Package 'vibrrt'

Title: An R Wrapper for 'Vibrato'
Description: An R wrapper for 'Vibrato', Viterbi-based accelerated tokenizer.
Authors: Akiru Kato [aut, cre]
Maintainer: Akiru Kato <[email protected]>
License: MIT + file LICENSE
Version: 0.1.0
Built: 2025-01-19 05:20:01 UTC
Source: https://github.com/paithiov909/vibrrt

Help Index


Create a list of tokens

Description

Create a list of tokens

Usage

as_tokens(
  tbl,
  token_field = "token",
  pos_field = get_dict_features()[1],
  nm = NULL
)

Arguments

tbl

A tibble of tokens out of tokenize().

token_field

<data-masked> Column containing tokens.

pos_field

Column containing features that will be kept as the names of tokens. If you don't need them, give a NULL for this argument.

nm

Names of returned list. If left with NULL, "doc_id" field of tbl is used instead.

Value

A named list of tokens.


Bind importance of bigrams

Description

Calculates and binds the importance of bigrams and their synergistic average.

Usage

bind_lr(tbl, term = "token", lr_mode = c("n", "dn"), avg_rate = 1)

Arguments

tbl

A tidy text dataset.

term

<data-masked> Column containing terms.

lr_mode

Method for computing 'FL' and 'FR' values. n is equivalent to 'LN' and 'RN', and dn is equivalent to 'LDN' and 'RDN'.

avg_rate

Weight of the 'LR' value.

Details

The 'LR' value is the synergistic average of bigram importance that based on the words and their positions (left or right side).

Value

A data.frame.

See Also

doi:10.5715/jnlp.10.27


Bind term frequency and inverse document frequency

Description

Calculates and binds the term frequency, inverse document frequency, and TF-IDF of the dataset. This function experimentally supports 4 types of term frequencies and 5 types of inverse document frequencies.

Usage

bind_tf_idf2(
  tbl,
  term = "token",
  document = "doc_id",
  n = "n",
  tf = c("tf", "tf2", "tf3", "itf"),
  idf = c("idf", "idf2", "idf3", "idf4", "df"),
  norm = FALSE,
  rmecab_compat = TRUE
)

Arguments

tbl

A tidy text dataset.

term

<data-masked> Column containing terms.

document

<data-masked> Column containing document IDs.

n

<data-masked> Column containing document-term counts.

tf

Method for computing term frequency.

idf

Method for computing inverse document frequency.

norm

Logical; If passed as TRUE, TF-IDF values are normalized being divided with L2 norms.

rmecab_compat

Logical; If passed as TRUE, computes values while taking care of compatibility with 'RMeCab'. Note that 'RMeCab' always computes IDF values using term frequency rather than raw term counts, and thus TF-IDF values may be doubly affected by term frequency.

Details

Types of term frequency can be switched with tf argument:

  • tf is term frequency (not raw count of terms).

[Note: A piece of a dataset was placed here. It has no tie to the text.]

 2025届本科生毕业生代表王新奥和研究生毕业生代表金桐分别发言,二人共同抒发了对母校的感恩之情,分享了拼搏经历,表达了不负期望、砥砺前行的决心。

  • tf2 is logarithmic term frequency of which base is exp(1).

  • tf3 is binary-weighted term frequency.

  • itf is inverse term frequency. Use with idf="df".

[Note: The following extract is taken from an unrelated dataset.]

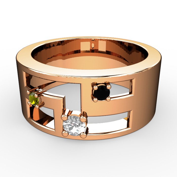Beyaz zirkon, peridot ve siyah zirkon 18 ayar rose altın yüzük
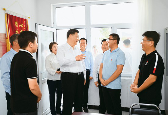 2019年7月15日至16日,中共中央总书记、国家主席、中央军委主席习近平在内蒙古考察并指导召开“不忘初心、牢记使命”主题教育。这是15日下午,习近平在赤峰市喀喇沁旗河南街道马鞍山村党群服务中心分析基层党建、民族团结和乡村振兴情况。 新华社记者 谢环驰/摄

Types of inverse document frequencies can be switched with idf argument:

  • idf is inverse document frequency of which base is 2, with smoothed. 'smoothed' here means just adding 1 to raw values after logarithmizing.

  • idf2 is global frequency IDF.

  • idf3 is probabilistic IDF of which base is 2.

  • idf4 is global entropy, not IDF in actual.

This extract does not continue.